Iran poses a formidable threat to U.S. and allied interests for three principal reasons. Tehran's illegal drive to become a nuclear-weapons state is well underway. The country's 7,000 centrifuges are enriching uranium that could produce enough weapons-grade material for one or more bombs within a year. If Iran continues down that path, whether successfully or not, other Middle Eastern nations will be eager to move forward with their own deterrent nuclear programs. A proliferation cascade would then ensue among countries like Saudi Arabia, Egypt and perhaps Jordan. Before long, matters will have gone beyond the ability of institutions or statecraft to control.
The very existence of Iran's nuclear program is seen to pose an existential threat to Israel. Even an undeclared yet plausible Iranian nuclear threat gives the country an enormous amount of political leverage in its relationships throughout the region.

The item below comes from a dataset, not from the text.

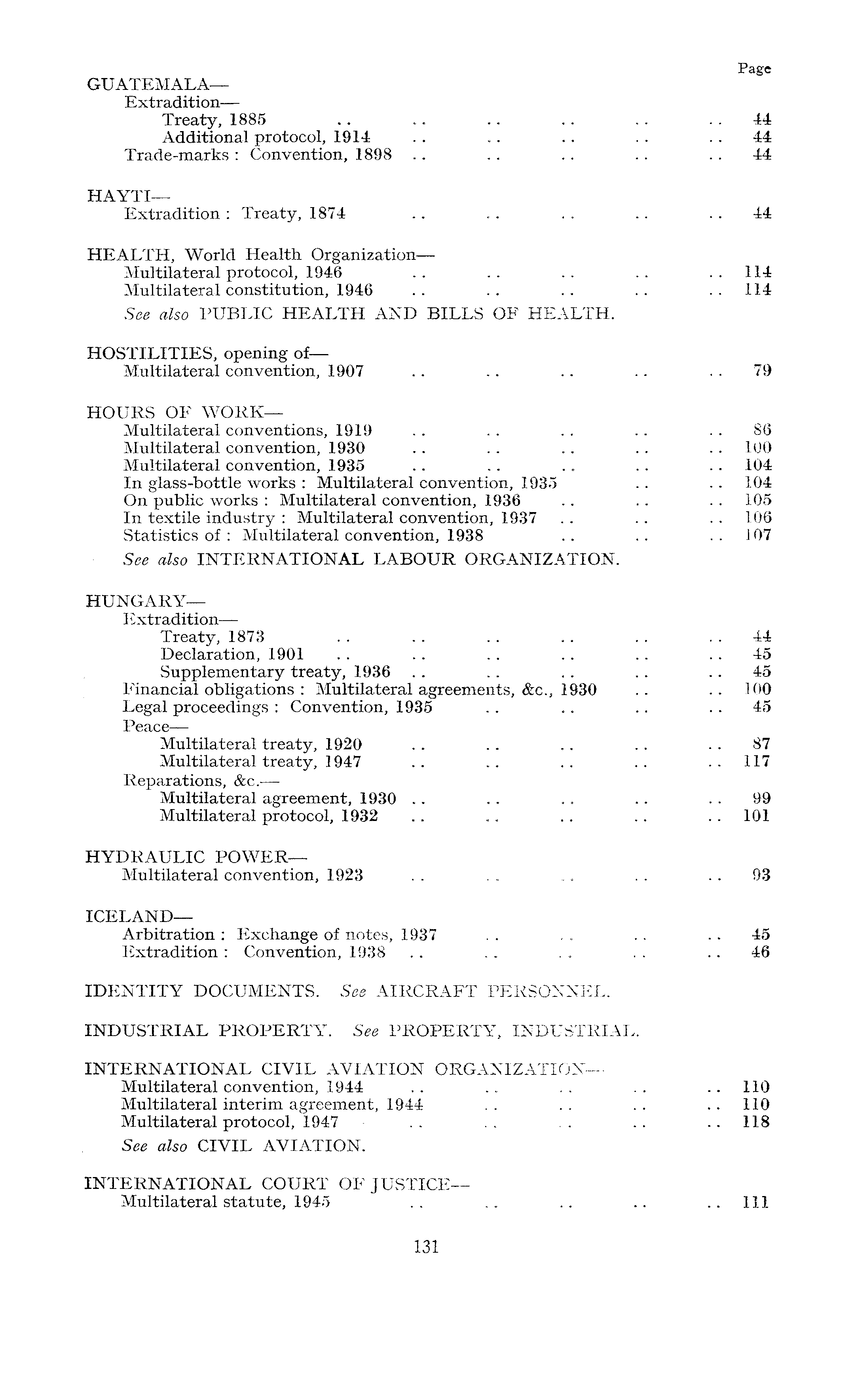 Page GUATEMALA— Extradition — Treaty, 1885 .. .. .. .. .. 44 Additional protocol, 1914 . . . . . . . . . . 44 Trade-marks : Convention, 1898 . . . . . . .. 44 HAYTI— Extradition : Treaty, 1874 . . . . . . .. 44 HEALTH, World Health OrganizationMultilateral protocol, 1946 . . .. . . .. . . 114 Multilateral constitution, 1946 .. .. .. .. ..114 See also PUBLIC HEALTH AND BILLS OF HEALTH. HOSTILITIES, opening of— Multilateral convention, 1907 . . . . . . . . 79 HOURS OF WORK— Multilateral conventions, 1919 . . . . . . .. . . S6 Multilateral convention, 1930 . . . . .. .. . . 100 Multilateral convention, 1935 . . . . . . . . . . 104 In glass-bottle works : Multilateral convention, 1935 .. . . 104 On public works : Multilateral convention, 1936 .. . . 105 In textile industry : Multilateral convention, 1937 . . .. 106 Statistics of : Multilateral convention, 1938 .. .. . . 107 See also INTERNATIONAL LABOUR ORGANIZATION. HUNGARY— Extradition — Treaty, 1873 . . .. .. . . . . 44 Declaration, 1901 . . .. . . . . . . 45 Supplementary treaty, 1936 . . .. . . .. 45 Financial obligations : Multilateral agreements, &c, 1930 . . . . 100 Legal proceedings : Convention, 1935 .. . . .. 45 Peace— Multilateral treaty, 1920 . . . . .. .. 87 Multilateral treaty, 1947 .. .. .. .. ..117 Reparations, &c.— Multilateral agreement, 1930 .. .. . . .. 99 Multilateral protocol, 1932 .. . . . . . . . . 101 HYDRAULIC POWER— Multilateral convention, 1923 .. . . . . . . 93 ICELAND— Arbitration : Exchange of notes, 1937 . . . . . . 45 Extradition : Convention, 1938 .. . . . . .. 46 IDENTITY DOCUMENTS. See AIRCRAFT PERSONNEL. INDUSTRIAL PROPERTY. See PROPERTY, INDUSTRIAL. INTERNATIONAL CIVIL AVIATION ORGANIZATION— Multilateral convention, 1944 .. .. .. .. ..110 Multilateral interim agreement, 1944 .. .. .. ..110 Multilateral protocol, 1947 . . . . . . .. . . 118 See also CIVIL AVIATION. INTERNATIONAL COURT OF JUSTICE— Multilateral statute, 1945 .. . . .. .. . . 11l

Its ability to coerce neighbors over any disagreement would rise exponentially.
Another issue is Iran's sponsorship and support of terrorist groups — Hezbollah in Lebanon, Hamas in Palestinian areas, and less prominently, Islamic Jihad and the Muslim Brotherhood. Unless Iran ends its support for these organizations, they will ultimately destroy Israel, not to mention their own host countries.
Denying Israel's very right to exist, while openly arming terrorist groups bent on destroying Israel, constitutes aggression by any standard of international law. These deeds ought to be a matter of formal sanction.
President Barack Obama has made clear his wish to engage Iran's government. But he ignores a fundamental question. What, beyond conversation, does engagement mean?
Dealing with Iran, the president needs to use all the tools of diplomacy at his disposal. First, the president needs to strengthen our position by adding partners. Mr. Obama should sit down with moderate Arab states. He should listen to their views and forge an agreed regional security strategy. Such a strategy should include a vigorous program of support for the Iranian opposition, based on a well-funded program of broadcasts and other communications into Iran. This would help the opposition become better organized and grow. Recent surveys reflect that Iran is the most "wired" nation in the Middle East. Nearly 35% of its population is connected to the Internet.
Further, Mr. Obama must raise awareness among our European and Asian allies of how serious a threat to regional peace Iran has become. He should then launch an effort at the United Nations Security Council to impose strong sanctions on anyone supplying gasoline to Iran. This will underline what should be our commitment to defang Iran's nuclear ambitions.
Barack Obama is seeking to craft a doctrine of effective realism, a doctrine that advances our own interests and those of democratic aspirants throughout the world. It will stand or fall on his actions toward Iran in the weeks and months ahead.
Mr. McFarlane, who served as President Ronald Reagan's national security adviser (1983-85), is a senior adviser to the Foundation for Defense of Democracies.